TASK INSTRUCTIONS | Write each line out exactly, from the one containing "up with her." through the final line of the data, and keep pictures out of the copy.

AVAILABLE RECORDS |
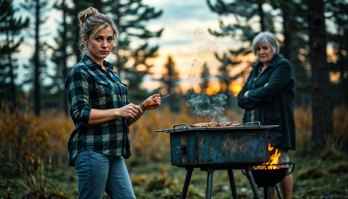Вечер опустился на лес мягким покрывалом. Небо стало тёмно-синим, усыпанным первыми звёздами, а костёр на поляне пылал ярко, отбрасывая танцующие тени на траву. Запах жареного мяса смешивался с дымом, дразня аппетит. Семья собралась вокруг мангала: Джеймс снимал шампуры с огня, дети сидели на старом одеяле, жуя мясо и пачкая пальцы жиром, Маргарет руководила всем процессом, то и дело поправляя дрова или переворачивая мясо. Но между Элизой и свекровью воздух был густым от напряжения, как перед грозой.
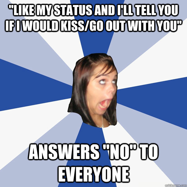 "like my status and i'll tell you if i would kiss/go out with you" answers "no" to everyone
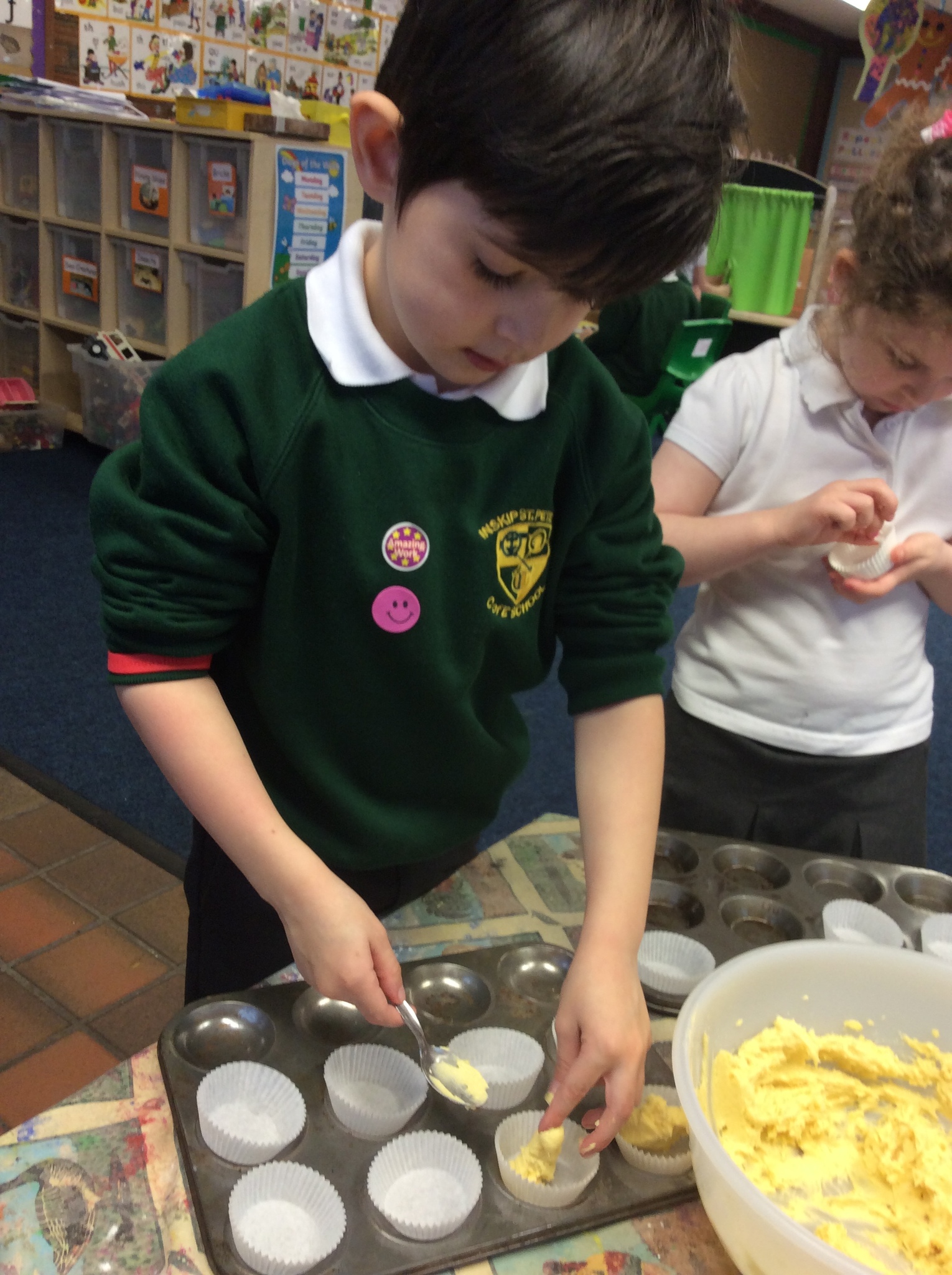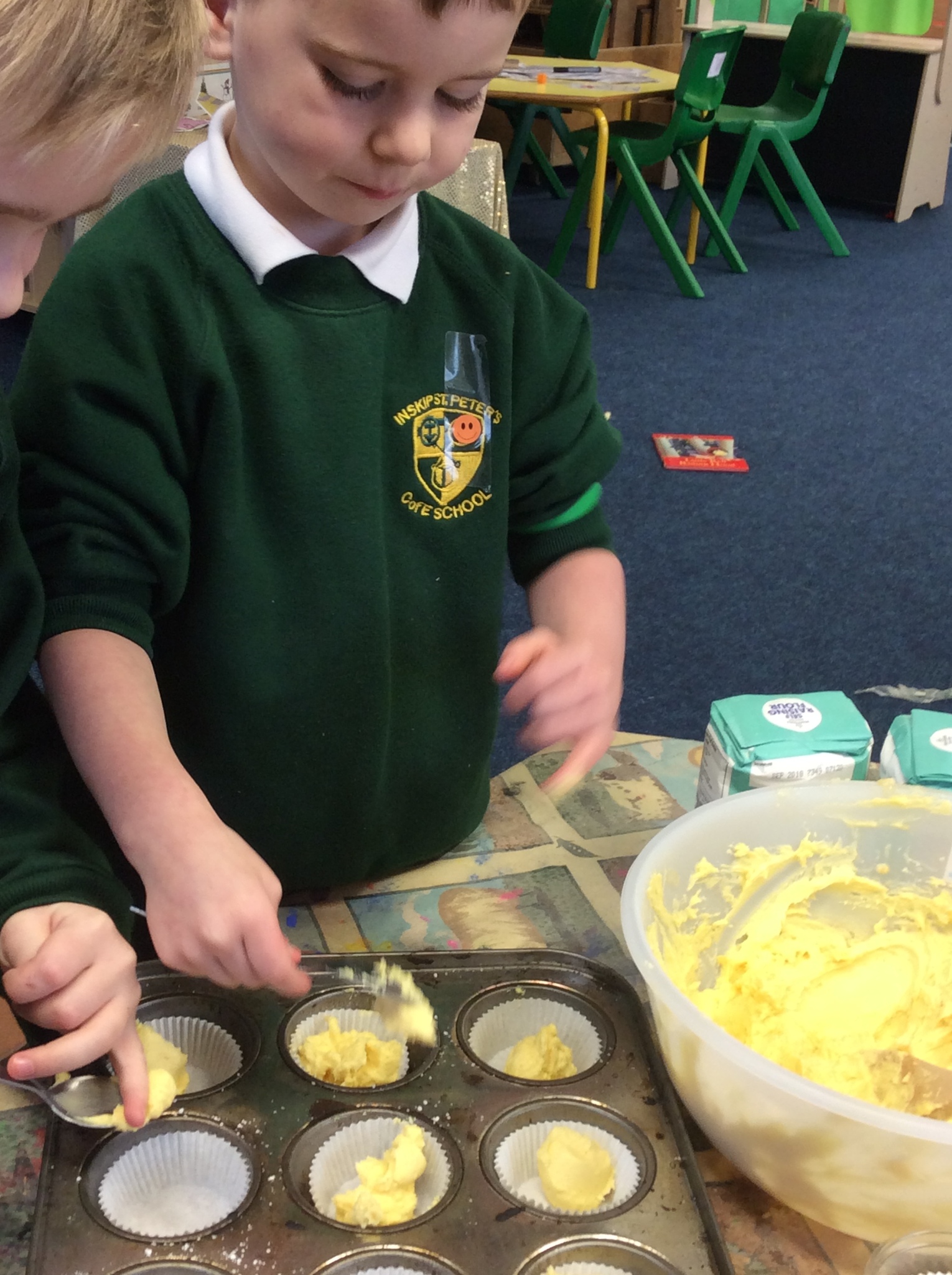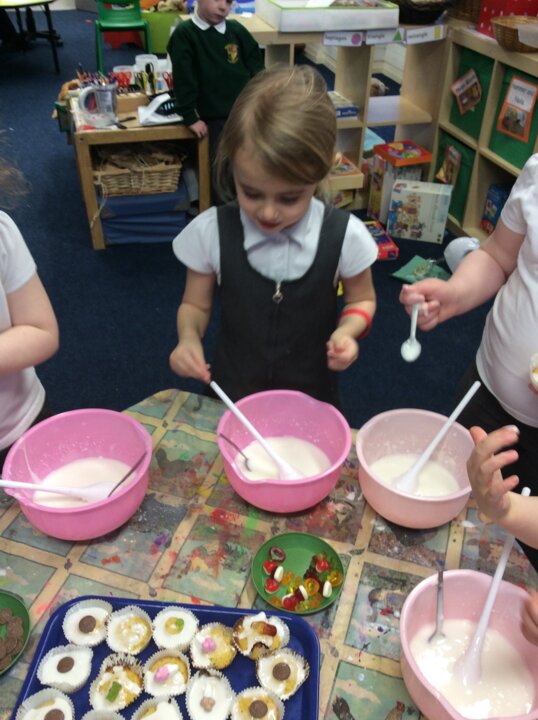 Today they have had lots of fun learning and deepening their understanding with lots of real-life maths: counting, estimating, weighing and measuring as they baked some cakes.
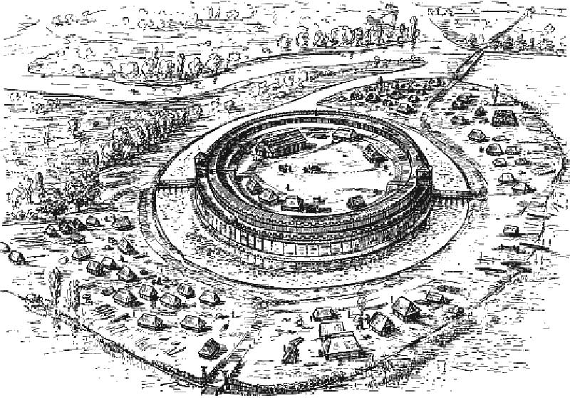 Это Аркаим - город эпохи средней бронзы рубежа 20/18-18/16 вв. до н. э., относящийся к т. н. «Стране городов» - Гардарики из скандинавских саг. Расположен на возвышенном мысу, образованном слиянием рек Большая Караганка и Утяганка в 8 км к северу от посёлка Амурский Брединского района и 2 км к юго-востоку от посёлка Александровского Кизильского района Челябинской области.
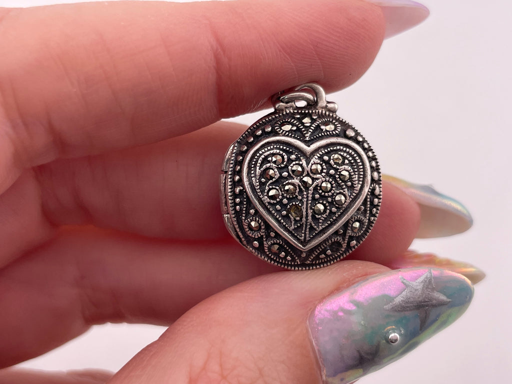 sterling silver marcasite mother of pearl heart round locket pendant ***Missing Marcasite***
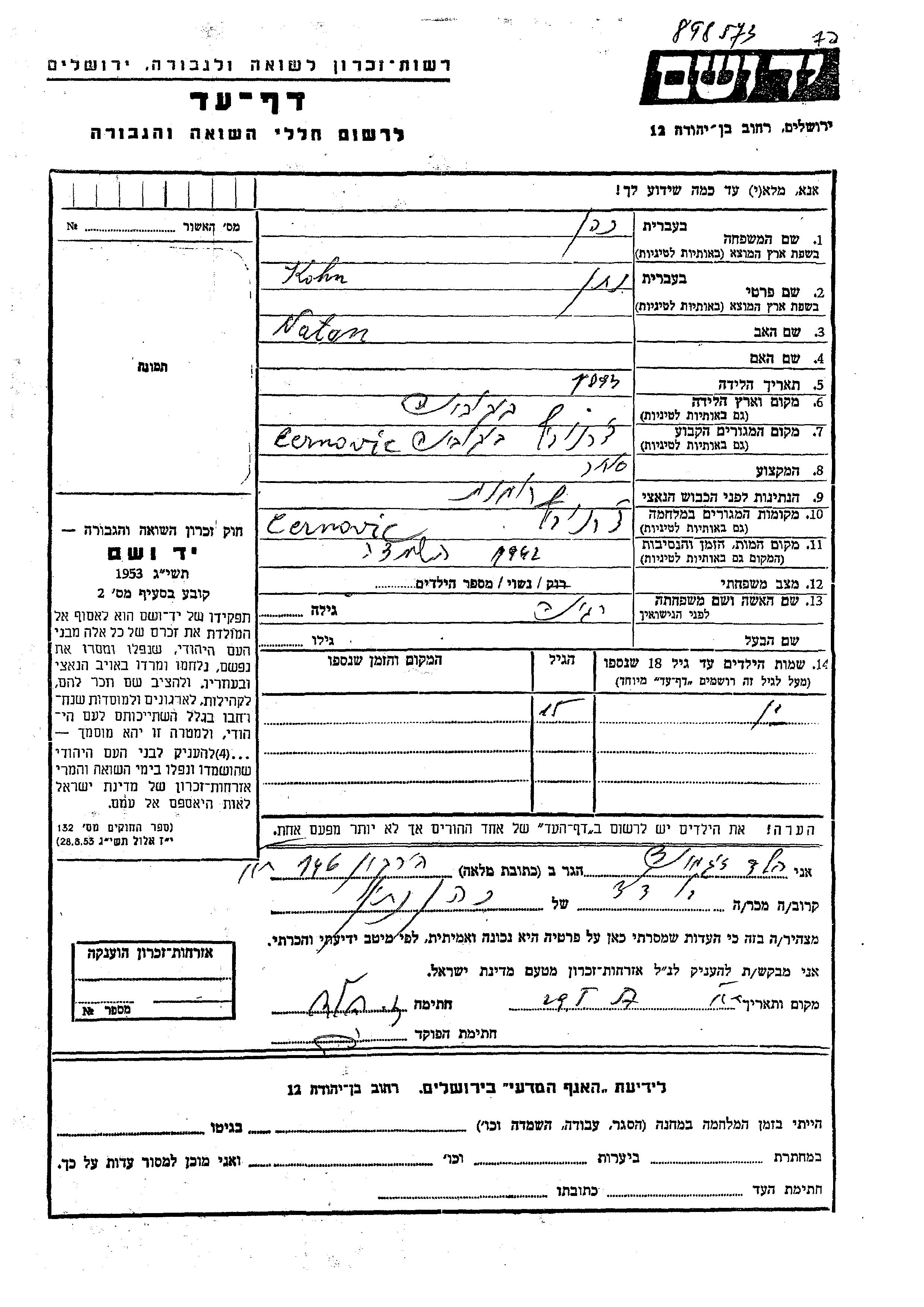 Kohn Yan Czernowitz, Roumanie Feuille de témoignage
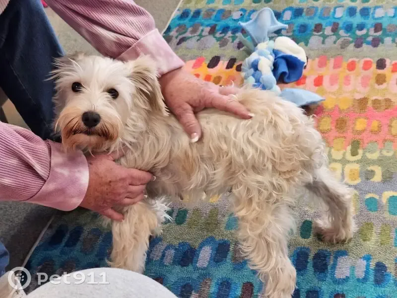 "Moon" is a Miniature Schnauzer... 6 and 1/2 year old spayed Female... White fur... White beard with some salt & pepper... Pink collar with some yellow striping. Brought Moon home from adopting her at Rescue shelter. When we got out of the car, she managed to pull her legs out of her harness, slipped out of it and started to run. She is very fast - we were unable to keep up with her.
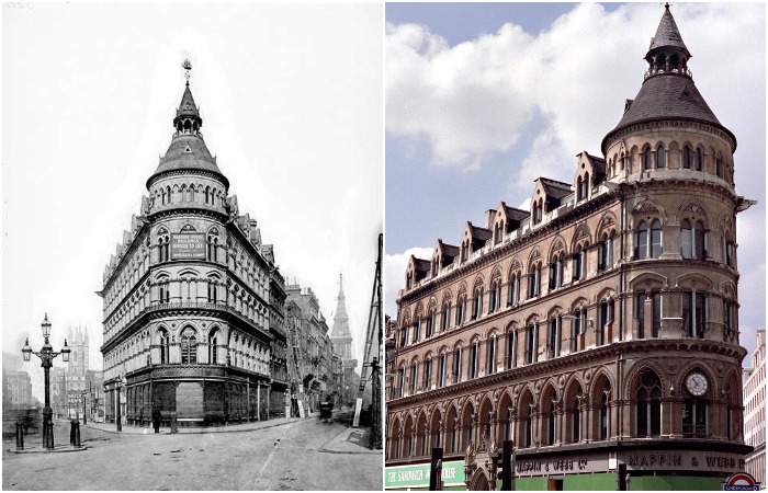 Чудовищная реновация коснулась и уникального треугольного здания, спроектированного Джоном Белчером (John Belcher) – известным архитектором, который в свое время был президентом Королевского института британских архитекторов. Начиная с 1870 г. неоготическое здание было главной изюминкой исторического центра Лондона, но эта красота долго не продержалась. В 1994 году после длительных споров его снесли и вскоре появилось строение, сразу же получившее название №1 Bird Building («Птичий дом №1», хотя официальное название Mappin & Webb Building), которое удостоилось звания «Самое уродливое здание Лондона» (по версии журнала Time Out).
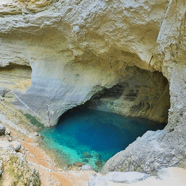 La source d’eau vert émeraude est classée parmi les plus importantes exsurgences du monde. Le gouffre d’où elle s’écoule, est situé au pied d’une falaise abrupte de 230 mètres.
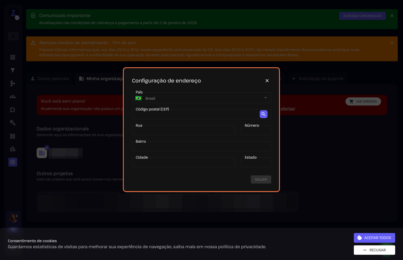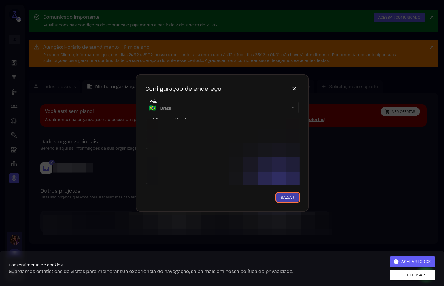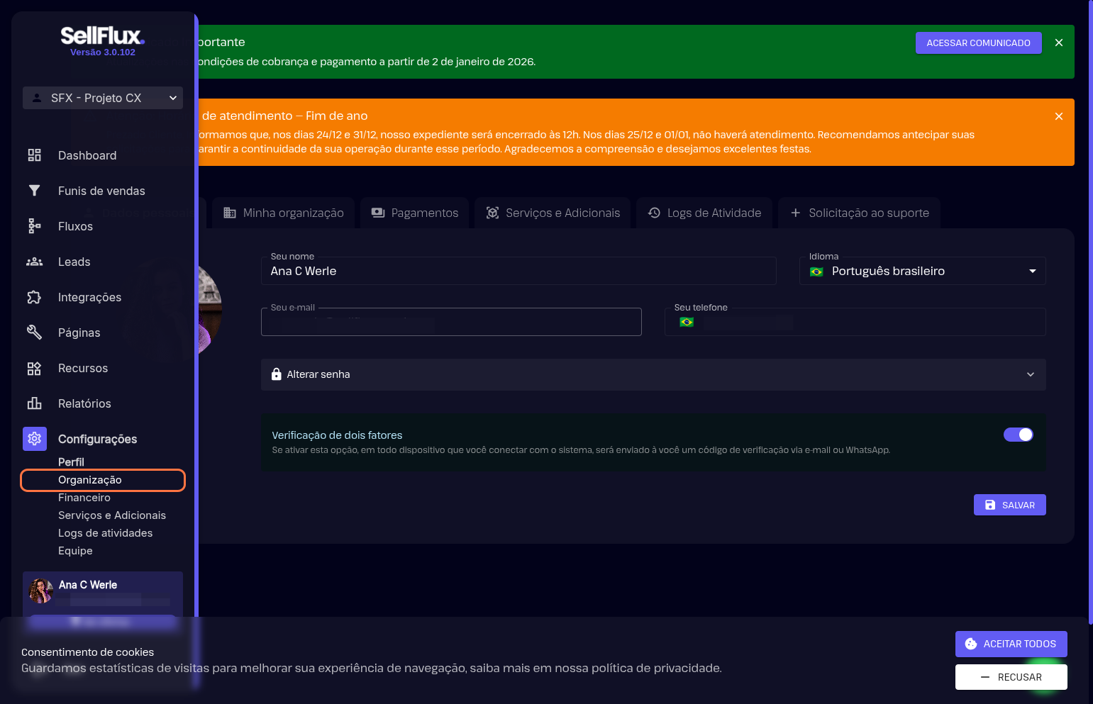 Pronto! Após concluir esses passos, os dados cadastrais da sua organização estarão devidamente atualizados no SellFlux. Sempre que necessário, retorne a essa área para revisar ou ajustar os dados da sua organização.

TASK ANSWER |
 "Moon" is a Miniature Schnauzer... 6 and 1/2 year old spayed Female... White fur... White beard with some salt & pepper... Pink collar with some yellow striping. Brought Moon home from adopting her at Rescue shelter. When we got out of the car, she managed to pull her legs out of her harness, slipped out of it and started to run. She is very fast - we were unable to keep up with her.
 Чудовищная реновация коснулась и уникального треугольного здания, спроектированного Джоном Белчером (John Belcher) – известным архитектором, который в свое время был президентом Королевского института британских архитекторов. Начиная с 1870 г. неоготическое здание было главной изюминкой исторического центра Лондона, но эта красота долго не продержалась. В 1994 году после длительных споров его снесли и вскоре появилось строение, сразу же получившее название №1 Bird Building («Птичий дом №1», хотя официальное название Mappin & Webb Building), которое удостоилось звания «Самое уродливое здание Лондона» (по версии журнала Time Out).
 La source d’eau vert émeraude est classée parmi les plus importantes exsurgences du monde. Le gouffre d’où elle s’écoule, est situé au pied d’une falaise abrupte de 230 mètres.
 Pronto! Após concluir esses passos, os dados cadastrais da sua organização estarão devidamente atualizados no SellFlux. Sempre que necessário, retorne a essa área para revisar ou ajustar os dados da sua organização.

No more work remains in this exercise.